Recent studies estimate, nevertheless, the groundwater of the region is declining.
The factory’s furnace works all night, Monday through Friday. Just before 5 a.m. on a weekday, two men removed branches and trunks from large piles and filled them into six fireplaces that heated a house-sized furnace. The operation consumes 60 to 75 cubic meters of wood per week, or enough to fill five large dump trucks.
Then there is clay, which is the main ingredient of tiles. Years ago, Mr da Costa said his operation had picked clay from dried lake beds within a few miles. With those now depleted, he pulls the mud away for hours.

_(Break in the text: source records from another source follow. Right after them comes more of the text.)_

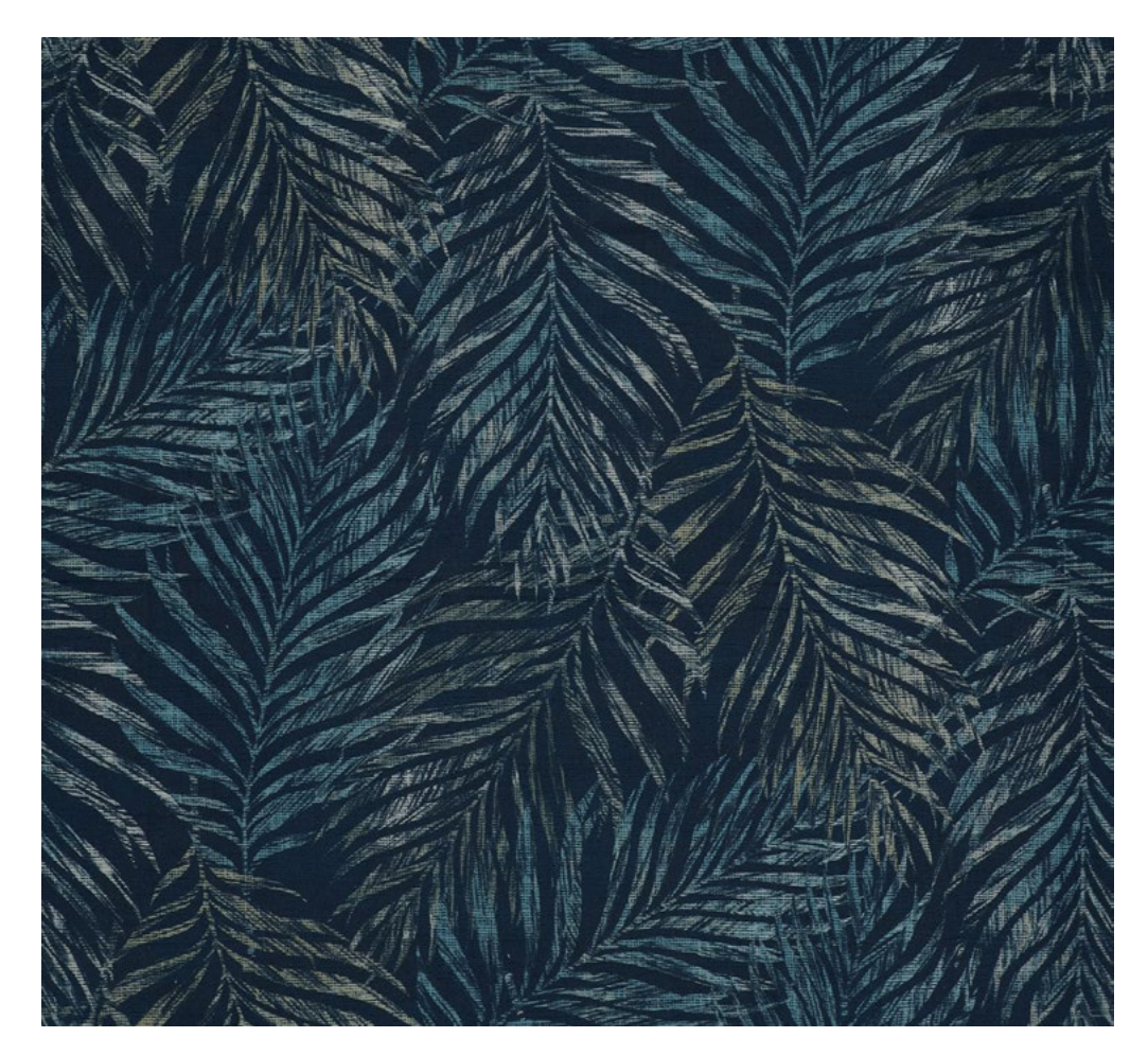
Above — Antibes Terracotta Spruce, Antibes Deep Ocean Left — Curtain Antibes Deep Ocean, Chair Camden Chasm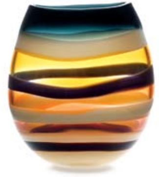
01-13-53M 10" T x 7" W ----- 01-13-53L 12" T x 9" W amber u vase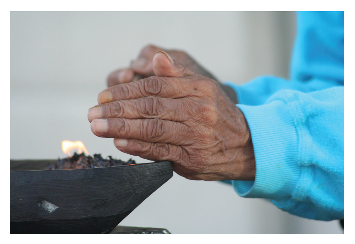
Figure 2: Cultural Teachings. Larga Baffin Opening (2009), digital photograph. This image was taken at the opening of Larga Baffin Residence in 2009. The Elder was teaching about the meaning and usages (traditional and contemporary) of the Qulliq (traditional Inuit seal oil lamp). Traditionally it was used for cooking, heating, and drying cloth.

Andrea: What effect has your photography had on audiences outside of your home territory?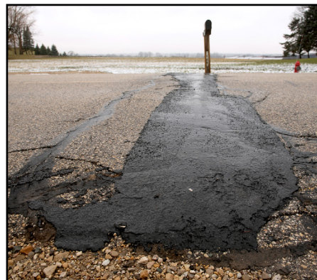
Somers Public Works department fixed several cracks on 100th Avenue with a new filler.

The department will monitor the new product and if it is found to hold up to the cold and plowing, the next 4.5 miles of the road will be repaired in the same fashion.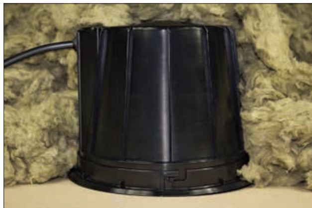
SpotClip-Box - Especially designed for passive house applications.

It is available as a complete kit, including HelaCon Lux wire connectors and all necessary mounting components.

Aldrin Perez, a Brazilian government scientist who monitors desertification, said it takes 300 years to deposit one centimeter of soil, while ceramic companies take three to five feet of soil each time they extract clay. “They destroy meters of depth formed over millions of years in seconds,” he said.
This can have a devastating effect. The soil and clay they extract are crucial to maintaining the proper balance of nutrients and moisture in the surrounding land.
“It’s killing the region,” said Damião Santos Ferreira, manager of Mr da Costa’s factory, explaining why some people are hesitant to sell their clay. “It’s never the same.”
The factory pays landowners about $10 for 30 tons of clay, he said.
By now, most landlords know the results. Yet many are still desperate enough to sell. One of them was Mr. Dantas.
In 2010, in another tough dry season, Mr. Dantas said his family was almost out of money. They decided to make money from their mud to feed themselves and their cattle.
“Everyone agreed,” said Mr. Dantas. “It was necessary,” said his son Paulo.
The clay came from a reservoir that Mr. Dantas’ great-grandfather built in the 19th century to supply water to their 506-acre estate. When it evaporated each dry season, the family had planted beans, corn, and cotton on the fertile bed left behind. It was one of the most fertile lands.
In 2010, however, the family watched four men dig and pull the soil with shovels instead of cultivating. It took them three months. They paid about $3,500 for the clay.
The money helped the family survive the years of drought that followed. But the land around the reservoir remained almost barren. Paulo Dantas planted corn, beans and watermelons a few years later, but the crop was so miserable that they were fed to the cattle.
Then, last year it rained much more than usual. The reservoir filled to about six feet. Mr. Dantas’ granddaughter, Hellena, swam in it. When it dried, the family sowed seeds. Grasses for cattle grew, but beans and corn withered.
“I really regret it,” said Mr. Dantas of selling the clay. “I saw it wasn’t good. But the kids needed it.”
As he stood on the embankment of the reservoir, he gazed at the parched land as the sun went down. “I had no other choice,” he said.